O mübarek Şazelî şeyhi ise, yapmış olduğu muhavereden sonra "sultan mürid/derviş padişah" makamında gördüğü Sultan Abdülhamid'e şunları söyler: "Selanik'ten gelen bu orduya mukabele etme. Ona galip gelemezsin. Zira, o ordunun içinde Deccal var. Deccal ise, kuvvet yoluyla mağlup edilemez diye rivâyet var."
Şair Rıza Tevfik de, "Sultan Abdülhamid'in ruhaniyetinden istimdat" ile yazdığı o meşhûr şiirin bir kıt'asında, Hareket Ordusunu alkışlayanları "Deccal'a zil çalan böyle milletin" diyerek, hem bir tılsımı fâş etmiş oluyor, hem de alkışa devam edenlerın ıslâhını gayr–ı kàbil gördüğünü beyan ediyor.

Şunu da ifade edelim ki: Yukarıdaki rivâyet, kesinlik kazanmış herhangi bir bilgiye, belgeye dayanmıyor.
Eldeki bilgi ve belgeler, Sultan Abdülhamid'in Hareket Ordusuna niçin mukabele etmediği sorusuna tatminkâr bir cevap teşkil etmediği için, bu meselenin mutlaka başka mânevî sebepleri vardır diye düşünerek, şifahî tarikle gelen bu bilgileri, bir "kanaat–i kalbiye" neticesi sizlerle paylaşmış olduk. Dayatma diretme yok, ısrar yok.

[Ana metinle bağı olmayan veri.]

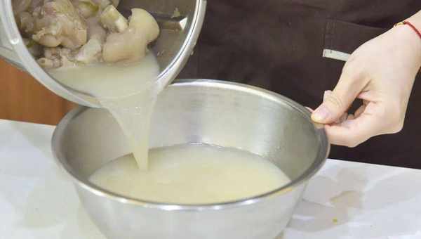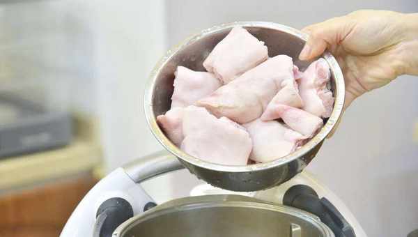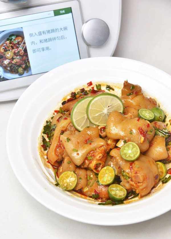1.將小美主鍋加入適量純凈水,豬蹄放入小美網鍋中,以5分鐘/溫度50℃/速度5清洗幹凈,再用純凈水沖洗幹凈晾幹水分;
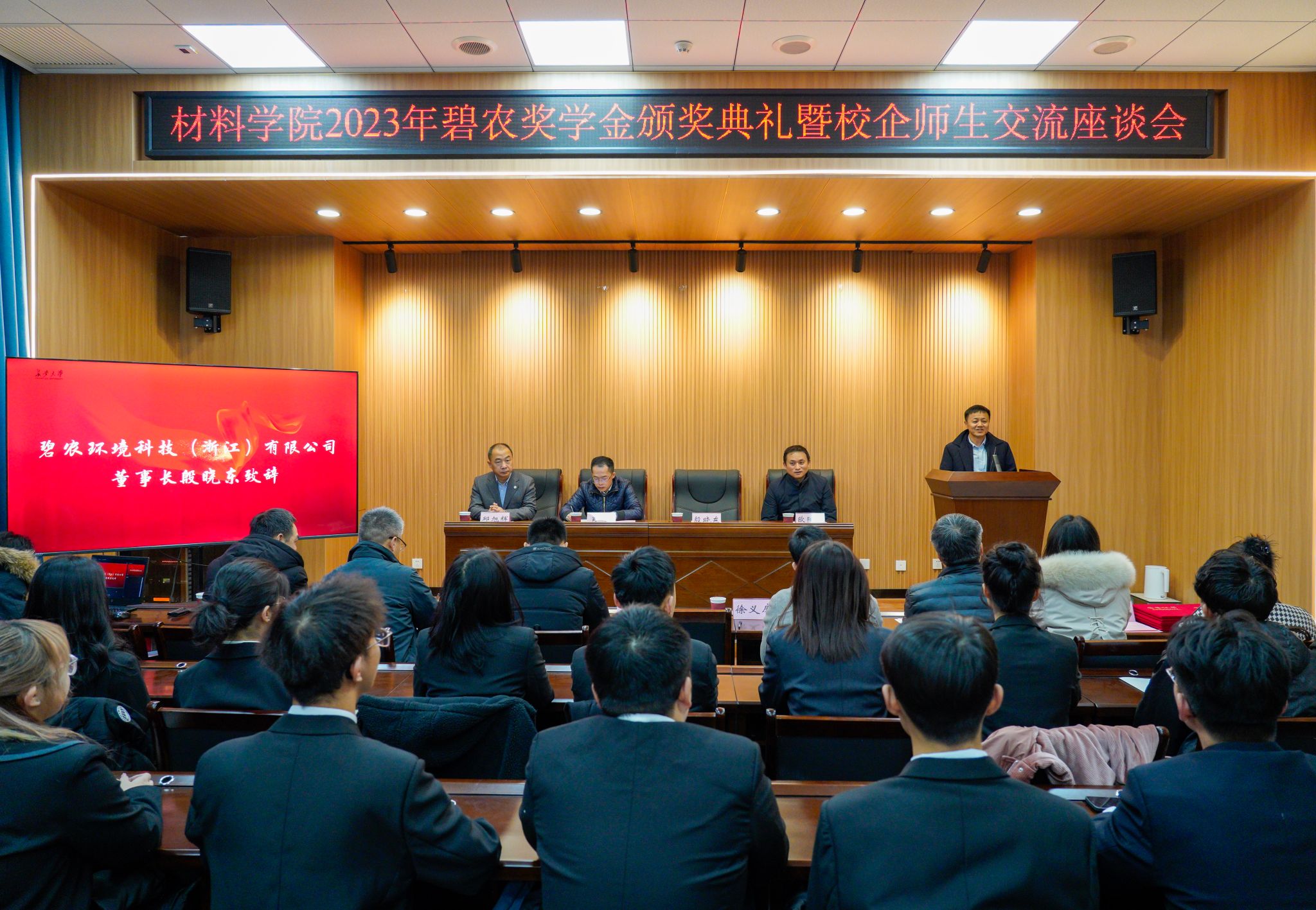 為進一步深化資助育人成效,激勵廣大受助學生奮發自強、立志成才、感恩奉獻,12月21日上午,材料科學與工程學院于北校區致遠大廈三層報告廳舉行2023年碧農社會獎學金頒獎典禮暨校企師生交流座談會。捐資助學企業碧農環境科技(浙江)有限公司董事長殷曉東、行政總監唐天勇,我校社會合作處副處長邱旭輝、資助中心主任歐陽韜、學院院長肖月、副院長徐義庫、對外合作交流中心主任齊琳、成型及控制工程系周亮、學生工作辦公室主任楊樹等教師代表、各年級學生代表參加典禮。典禮由學院黨委副書記張曉琳主持。
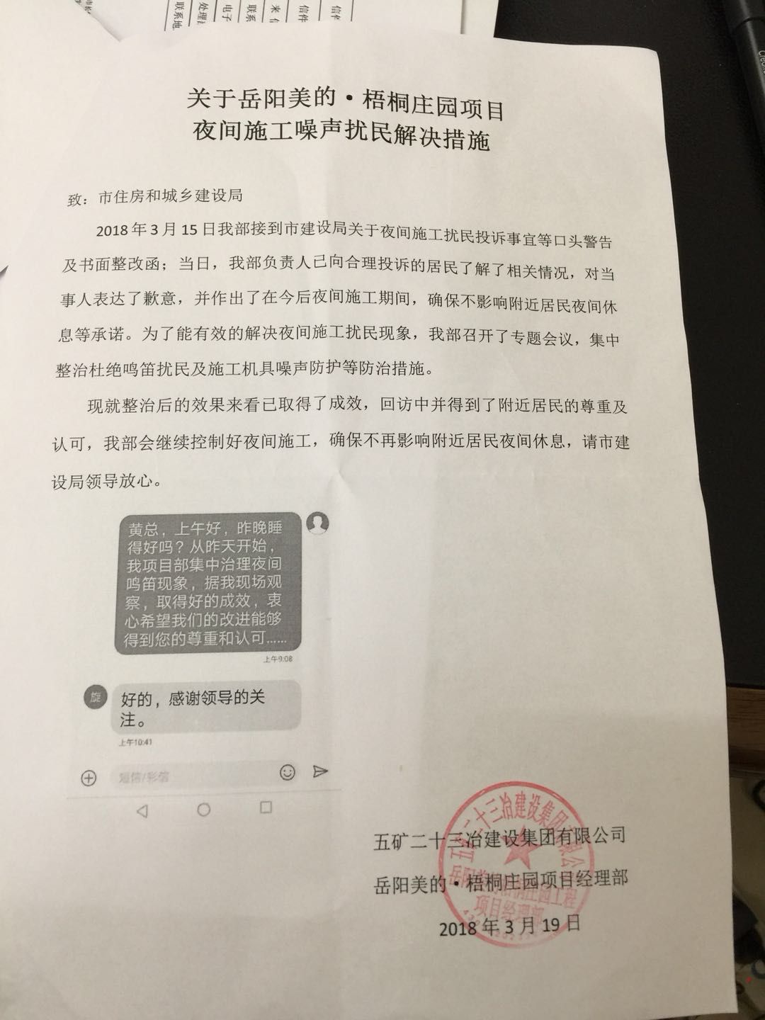 美的梧桐庄园之前投诉过深夜施工,打混泥土问题,政府说是重点工程,让附近居民敬请谅解,可以谅解。但能不能请有关部门督促下,混泥土车晚上不要叫喇叭,凌晨一两点,喇叭声不断,一声不行接着第二声,然后按着喇叭不动,响他妈个七八秒。安静的夜里,这么刺耳的声音,很让人烦躁。还请有关部门提醒下施工单位。
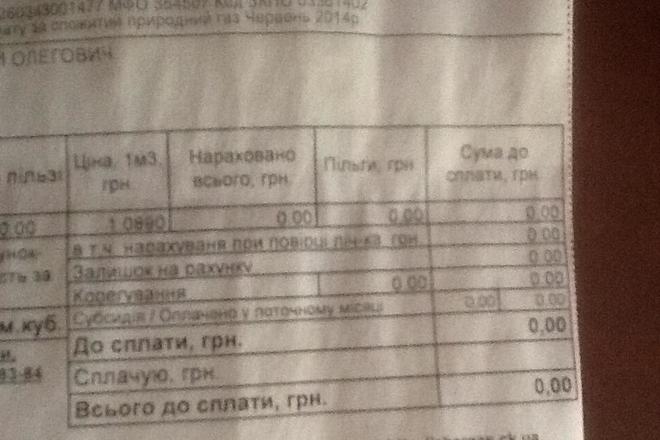 Міський голова Черкас Сергій Одарич виклав у Facebook платіжку за спожитий газ за червень. На ній видно, що за минулий місяць у будинку він його не використовував.
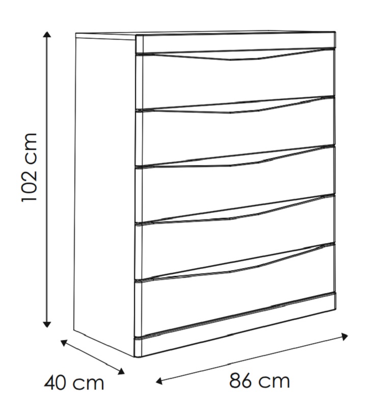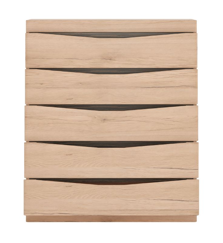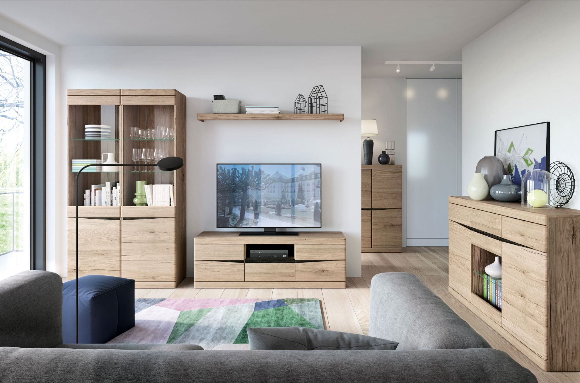 Efektowny, drewnopodobny dekor zachwyca realistycznym usłojeniem, które przywołuje na myśl ciepło natury. Kontrastowe wcięcia, pełniące rolę uchwytów, dodają kolekcji wyrazistego charakteru i podkreślają nowoczesną linię mebli. Przykuwają uwagę także szerokie poziome listwy, które świetnie współgrają z masywnymi frontami wykonanymi z trwałego MDF-u.
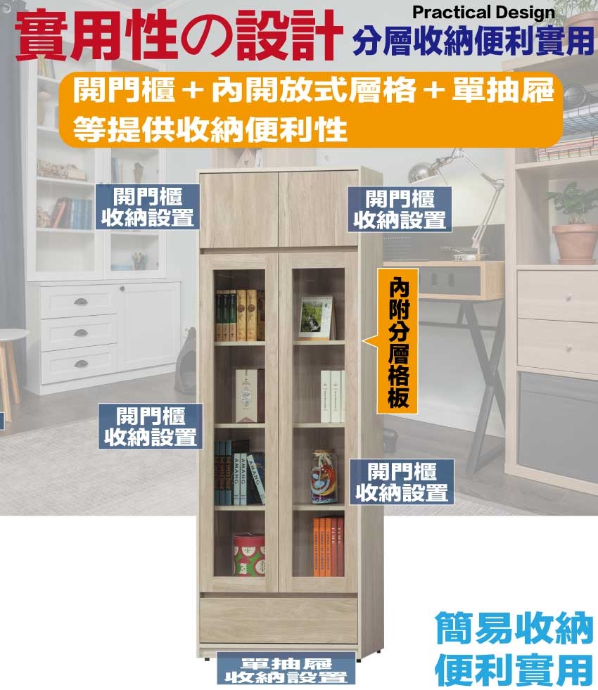 【綠家居】恩斯2.7尺四門單抽收納櫃/書櫃
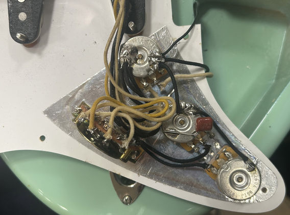 Please see gallery photos. The wiring appears to have been done very neatly, most likely by a professional. The selector switch is a 3-way, and while this is a Fender Japan model, the potentiometers appear to be CTS-type pots. The guitar sounds very bright, and the overall playability is excellent.
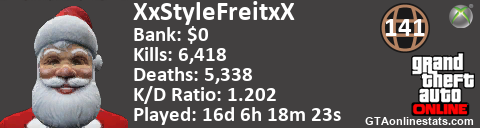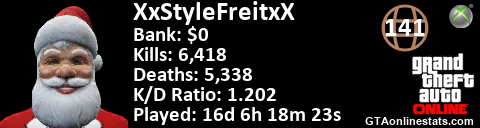 <a href="http://GTAonlinestats.com/showplayer/XxStyleFreitxX"><img src="http://GTAonlinestats.com/dmsignature/XxStyleFreitxX/sig.png" alt="XxStyleFreitxX" border="0" /></a>
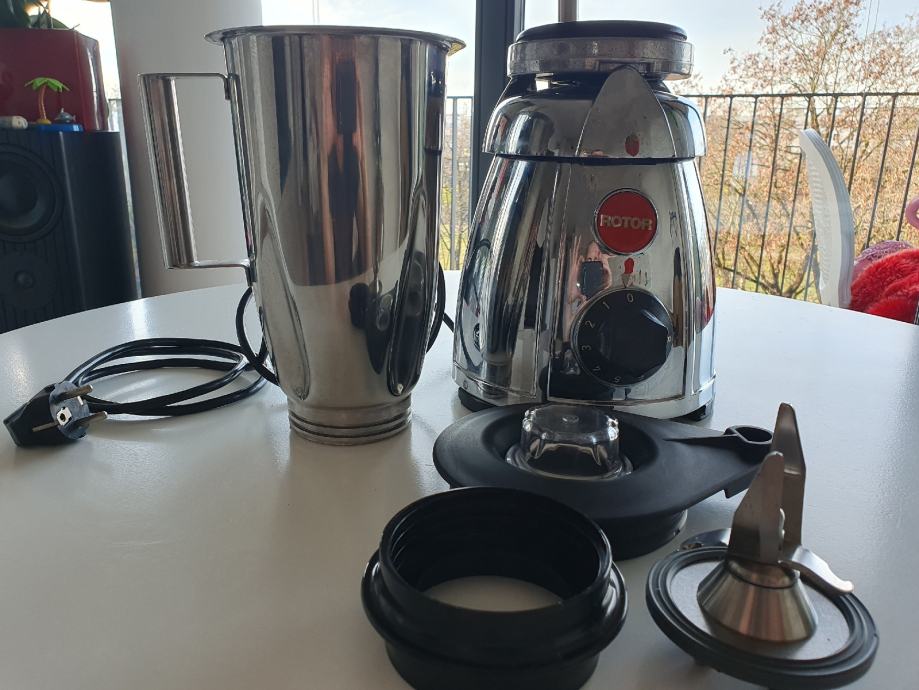 Mixer Rotor je vodeca švicarska firma poznata po najkvalitetnijim "besmrtnim" ugostiteljskim mixerima . Uz njega dajem novu nekoristenu inox blender-posudu od 2l, kao i noz, (nova cjena 360€) mikser je skoro nekoristen.Cijena novog je oko 1200 €.Blender ima visokokvalitetne, oštre i snažne noževe od inoxa,tako da ih možemo koristiti za blendanje svih vrsta voća, povrća i mesa.Snažne i jake oštrice mogu lako zdrobiti led i tvrde namirnice poput oraha ili samljeti kavu. Ima 8 brzina koje razvijaju broj okretaja od 1000- 17000 u minuti, jednostavno i lako za ciscenje i odrzavanje, automatsko zaustavljanje motora kod otklanjanja poklopca, tezina oko 7 kg.

Kabul edip etmek serbest.
Âhirzamanın dehşetli şahısları ile kuvvet ve siyaset yoluyla mukabele edilmemesini tavsiye eden kudsî rivâyetler ise, katiyyen vardır ve sahihtir.

Nitekim, 1923'te Ankara'dan ayrılmaya karar veren Üstad Bediüzzaman, bu ayrılmanın sebebini soran yeğeni Abdurrahman'a şu cevabı veriyor: "Bak evlâdım! Kudsî rivâyetlerde, 'O dehşetli şahsın zamanına yetiştiğinizde, ona karşı kuvvetle ve siyasetle mukabele etmeyin’ diye tavsiye ediliyor. Çünkü, o bu cihetiyle galiptir, yani daha kuvvetlidir."
Kur’an’a hücum edilecek; î’câzı, onun çelik bir zırhı olacak.Ve şu î’câzın bir nevini şu zamanda

izhârına, haddimin fevkinde olarak, benim gibi bir adam namzet olacak.Ve namzet olduğumu anladım.